In understanding the cause of many diseases, the search for genes has moved from the identification of rare high-risk variants to that of common low-risk variants.  The size of samples required for adequate power has correspondingly increased.  In the study of gene by environment interaction (G-E) models of disease risk, pooling data from different completed or ongoing studies is viewed as a time- and cost-effective alternative to the conduct of large new investigations designed to collect detailed phenotypic and “envirotypic” information.  Unfortunately, attempts to pull together cases from existing data sets have faced significant challenges to date, in part because studies lack consistent rules and methods for making diagnoses and for defining environmental risk.

Our project sought to develop and test a new methodology for pooling data from studies that used different measures to assess the same or similar constructs.  In the present investigation, data was pooled from the National Longitudinal Study of Adolescent Health (Add Health), Great Smoky Mountains Study (GSMS), and Child Development Project (CDP) data sets.  The proposed data harmonization methodology involved the creation of a calibration data set, in which two or more measures of the same or similar constructs, obtained from the same participants, are compared and the scores on each measure mapped onto the other.  Calibration samples may be internal to the primary samples of scientific interest (if both measures were used in an existing data set), or may be external (obtained de novo); our work involved both types of samples.  We hope our investigation will provide an important tool for research across many areas of genomic research.

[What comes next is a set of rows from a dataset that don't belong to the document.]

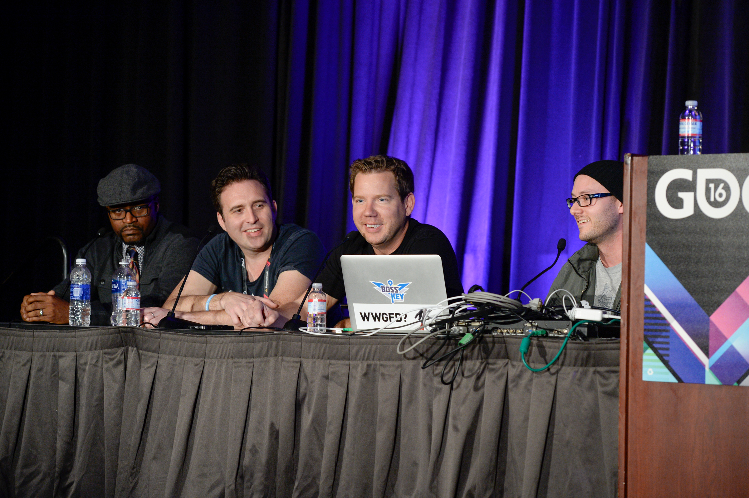 Surrounded by 800lb Gorillas! Standing Up to the Competition (presented by Boss Key Productions) Cliff Bleszinski (Boss Key Productions), Arjan Brussee (Boss Key Productions), Tramell Isaac (Boss Key Productions), Rohan Rivas (Boss Key Productions) Thursday, March 17 | 12:45pm - 1:45pm | Room 2009, West Hall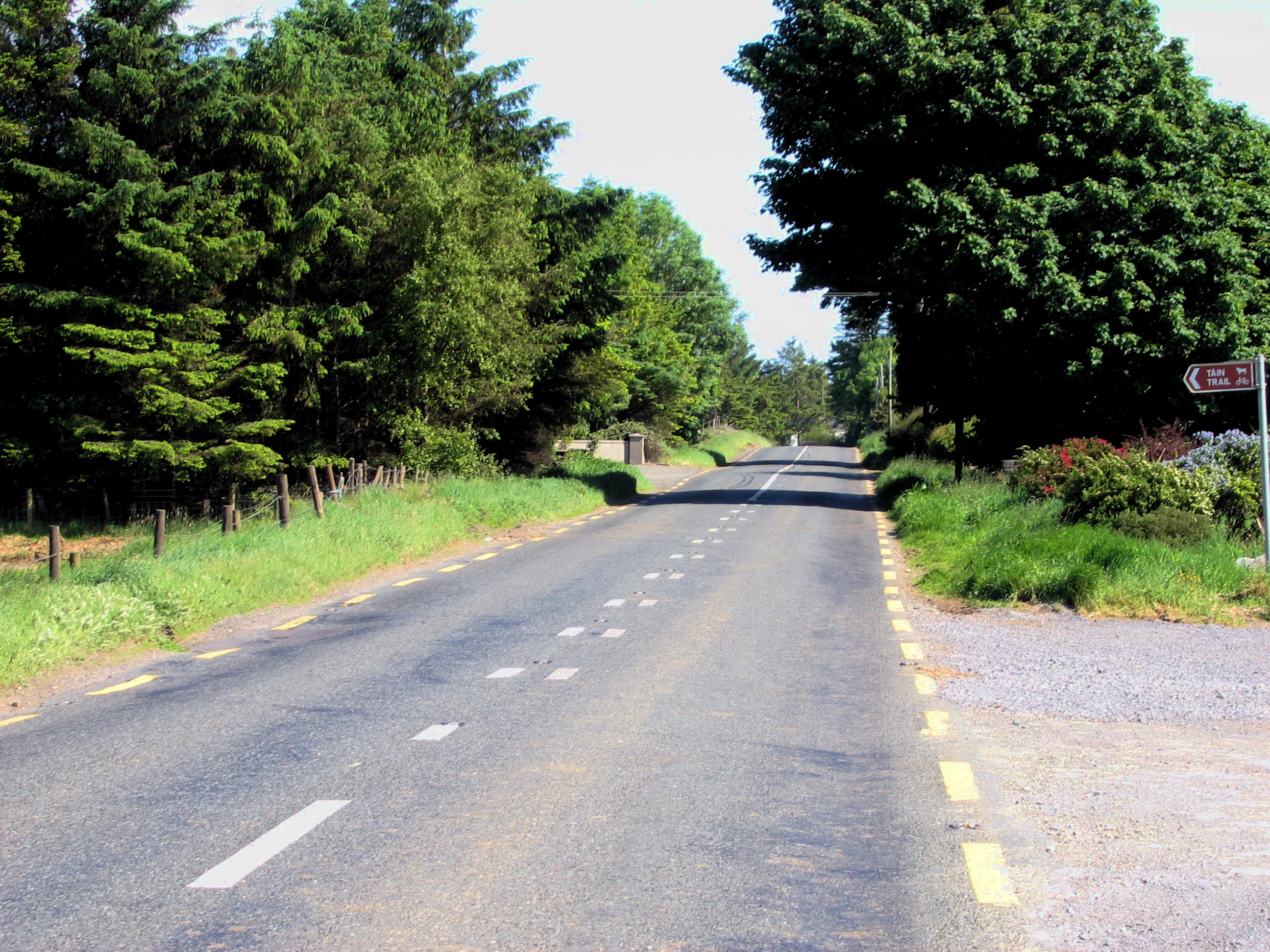 N5 road in Co Roscommon west of Tulsk, looking east.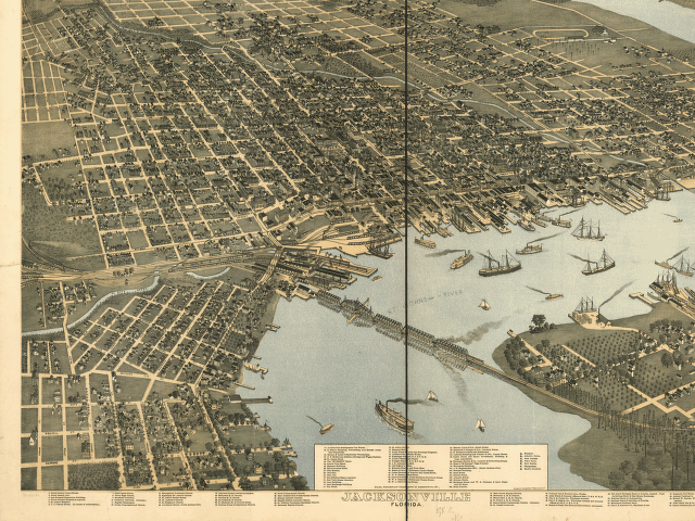 Bird's eye view of Jacksonville, Florida, United States.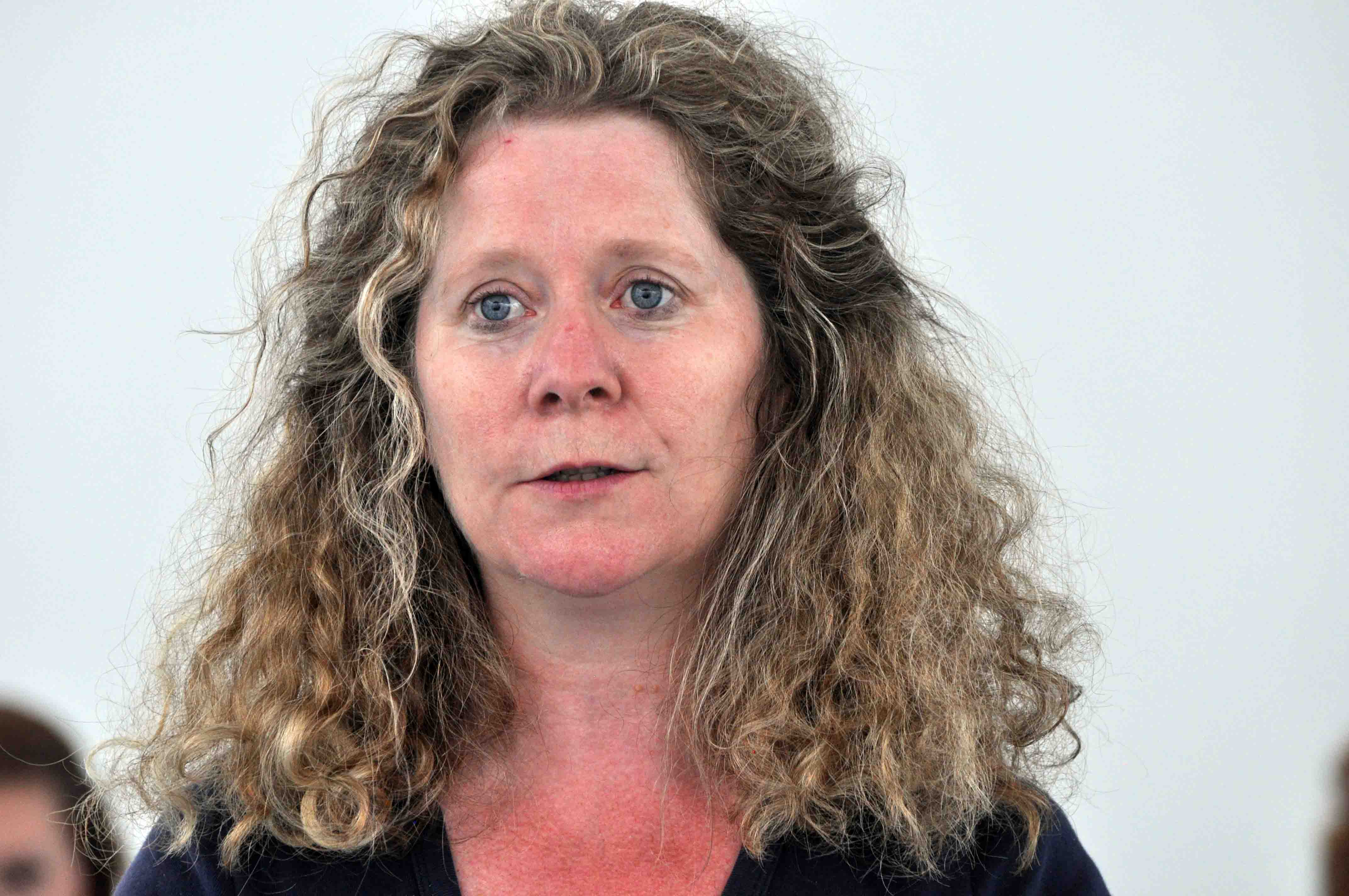 Photo taken by Jack Zibluk in 2012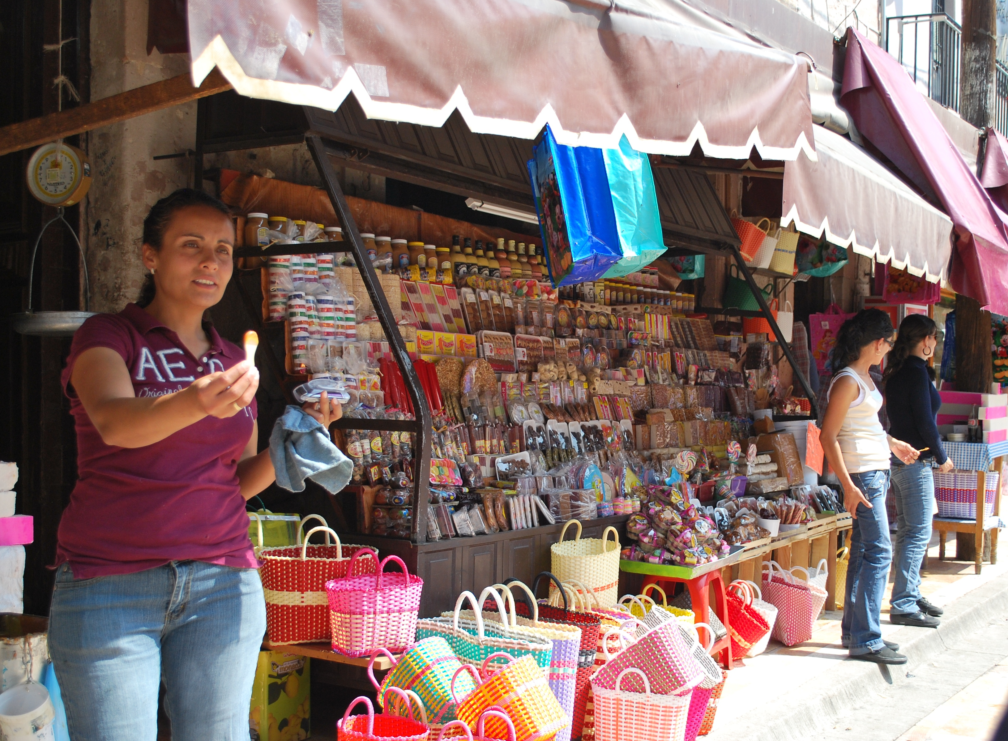 Woman offering sample of cajeta at a candy stand in San Juan de los Lagos, Mexico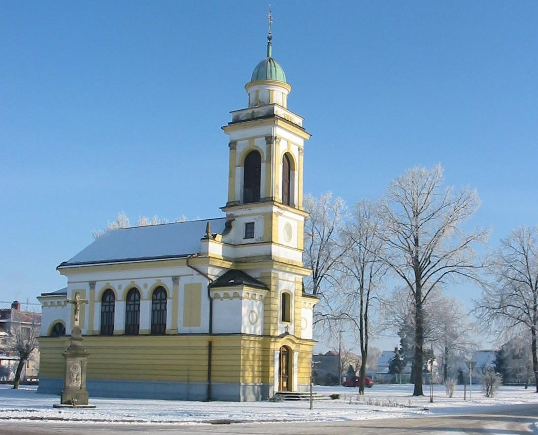 Chapel (sic!) of the Holy Trinity from 1900 in Lhota pod Libčany, Czech Republic.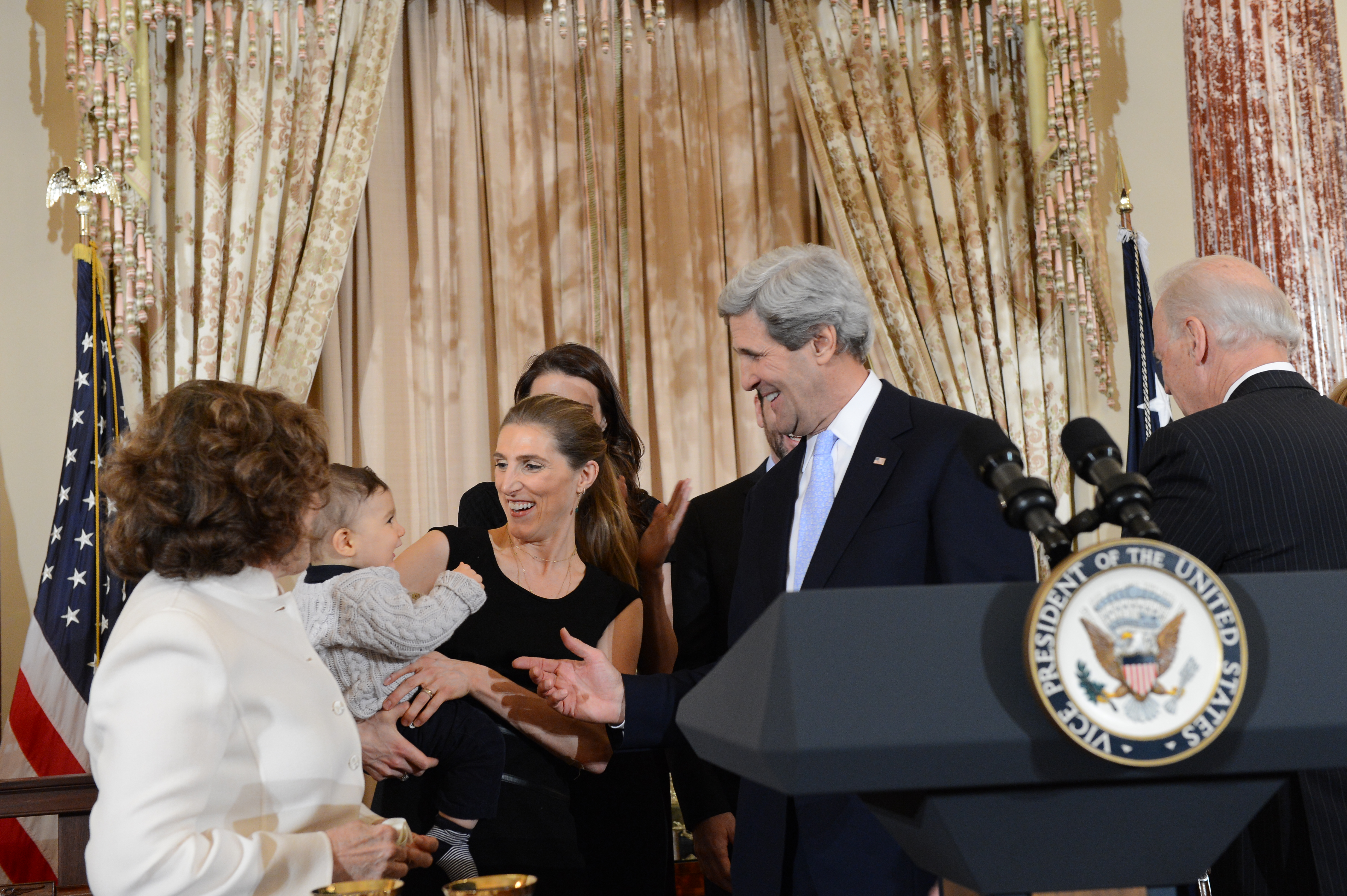 U.S. Secretary of State John Kerry is congratulated by his family after he is ceremonially sworn in by U.S. Vice President Vice Biden at the U.S. Department of State in Washington, D.C., February 6, 2013. Also pictured is U.S. Vice President Joe Biden, right. [State Department photo/ Public Domain]

1. C-StARR involved in the “harmonization” project include Rick Hoyle, Jerry Reiter (Department of Statistical Science and SSRI), Madeline Carrig, Daniel Manrique-Vallier (Postdoctoral Associate, SSRI), Krista Ranby (Postdoctoral Associate, C-StARR), and Rose Wilson and Jenny Park, who were hired to work as full-time (Ms. Wilson) and half-time (Ms. Park) data technicians on the project.  We were also in collaboration with Danielle Dick (Department of Psychiatry and Virginia Institute for Psychiatric and Behavioral Genetics, VCU), who brought to the team special expertise on gene-environment interplay in alcohol use and dependence.  On-site team members met weekly to discuss project progress.
2. Members of the team acquired the needed permissions and computing/networking infrastructure for access to the Add Health, GSMS, and CDP data sets (IRB approval had already been secured for the secondary data analysis of the Add Health data set).  We reviewed theoretical and empirical literature pertinent to the study of gene-environment interactions in the development of substance use disorders and built the theoretical models to be tested using the harmonized data.
3. Items from the Add Health, GSMS, and CDP data sets that tap constructs implicated in prior work as environmental/contextual risk factors (especially in the presence of genetic susceptibility) for the development of alcohol use disorders were identified.  This work involved the grouping of individual items that tap the same or similar constructs across waves of data collection and across data sets.  A calibration survey, which included both web-based and telephone interview components, was developed using these items and an additional set of “gold standard” alcohol use items.
4. A protocol was approved by the IRB for the collection of the external calibration sample data.  Calibration sample data were collected by an outside vendor, Knowledge Networks, between December 2010 and February 2011.  A total of 242 19-20 year old participants completed both the online and telephone interview portions of the survey.  Complete data sets were delivered to the C-StARR on March 1, 2011.
5. Demographic covariates were modified to possess similar scales/coding schemes across the three existing data sets.  Upon receipt of the calibration sample data, the three existing data sets and the external calibration data set were combined.

We treated the problem of harmonizing the data sets as a missing data problem.  The objective was to produce a single data set for which all records have non-missing scores for all items. Considering the empty cells as “missing data,” we approached the problem of harmonizing the data sets as the multivariate imputation of those missing cells conditional on the observed cells from all data sets. To that end, we employed a flexible iterative framework based on classification and regression trees (CART; see Burgette and Reiter, 2010). This approach has the advantage of being simple to implement but at the same time, being flexible enough to accommodate very complex multivariate dependencies without overfitting. Additionally, CART-based algorithms have the advantage of handling both continuous and ordinal and discrete outcomes well (see Friedman et al, 2009).

The results of applying these techniques to our data sets are encouraging. We have applied the algorithms to create 100 instances of the imputed data sets that can be analyzed using multiple imputation techniques. In order to assess the quality of the results, we also created several instances of fully-synthetic data sets generated from the same models used to impute the missing values. We then compared different statistics computed from the original data to their values computed from the synthetic data. In general, relationships between variables within each data set appeared to be well preserved.

Next steps include more comprehensive tests, as well as using the harmonized data sets to draw relevant scientific conclusions. The extra uncertainty introduced by the imputation procedure can be handled using standard multiple-imputation techniques (Rubin, 1987).  If the harmonization sample is not to be released, we must develop appropriate techniques to handle that situation (see Reiter, 2008).